* **DATA SEGMENT**
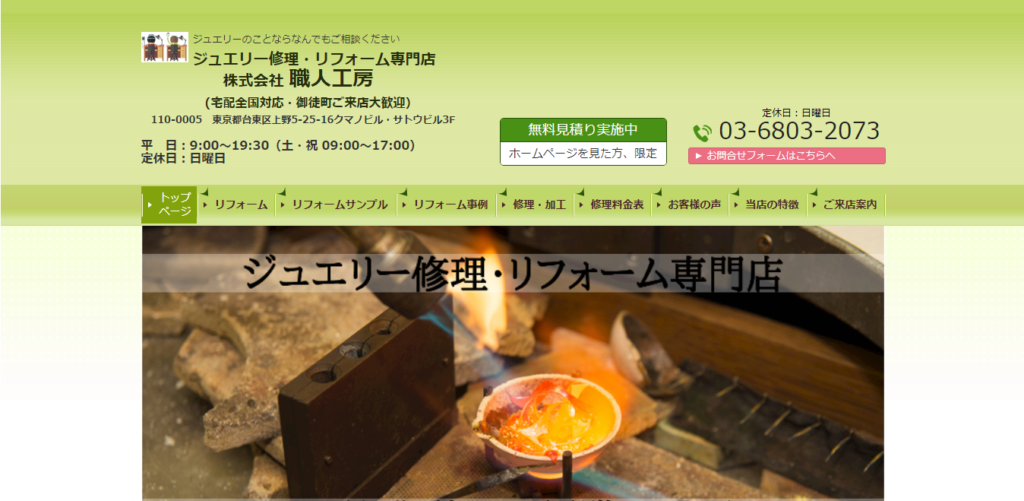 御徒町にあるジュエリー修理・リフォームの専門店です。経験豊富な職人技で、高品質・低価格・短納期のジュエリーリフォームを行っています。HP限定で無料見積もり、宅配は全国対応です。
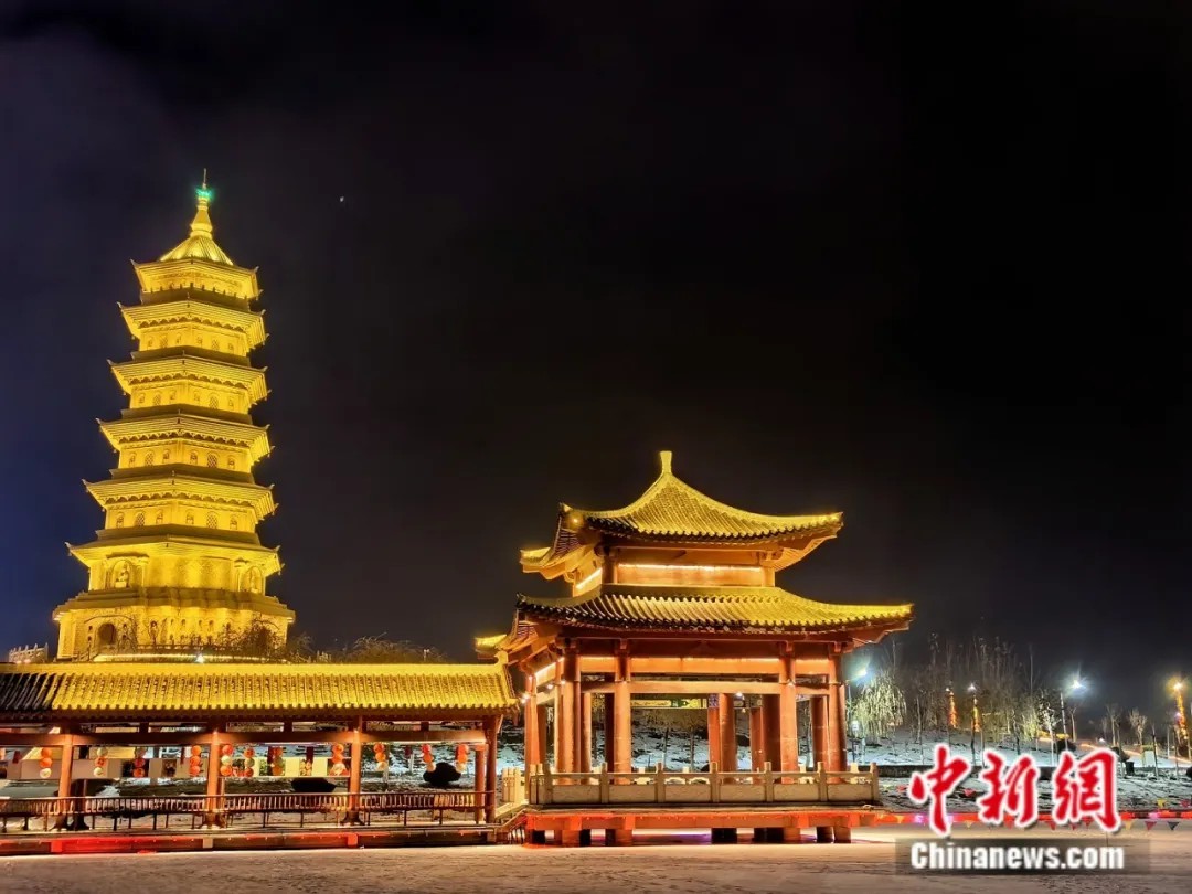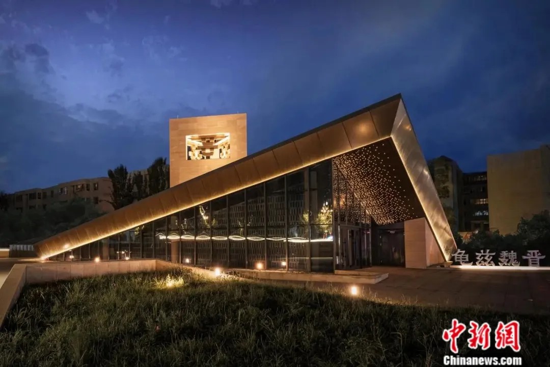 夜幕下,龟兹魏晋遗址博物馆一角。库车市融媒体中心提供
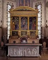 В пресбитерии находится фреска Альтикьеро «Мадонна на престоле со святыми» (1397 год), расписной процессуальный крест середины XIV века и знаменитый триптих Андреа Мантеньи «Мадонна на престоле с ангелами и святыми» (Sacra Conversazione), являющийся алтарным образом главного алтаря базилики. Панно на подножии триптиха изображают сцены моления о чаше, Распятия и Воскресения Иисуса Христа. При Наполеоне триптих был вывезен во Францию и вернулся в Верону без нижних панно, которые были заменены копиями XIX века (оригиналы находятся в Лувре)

* **TASK DETAILS**
Everything from the line holding "夜幕下,龟兹魏晋遗址博物馆一角。库车市融媒体中心提供" through the last line of the listing should be written out exactly, except for the pictures.

* **YOUR SOLUTION**
 夜幕下,龟兹魏晋遗址博物馆一角。库车市融媒体中心提供
 В пресбитерии находится фреска Альтикьеро «Мадонна на престоле со святыми» (1397 год), расписной процессуальный крест середины XIV века и знаменитый триптих Андреа Мантеньи «Мадонна на престоле с ангелами и святыми» (Sacra Conversazione), являющийся алтарным образом главного алтаря базилики. Панно на подножии триптиха изображают сцены моления о чаше, Распятия и Воскресения Иисуса Христа. При Наполеоне триптих был вывезен во Францию и вернулся в Верону без нижних панно, которые были заменены копиями XIX века (оригиналы находятся в Лувре)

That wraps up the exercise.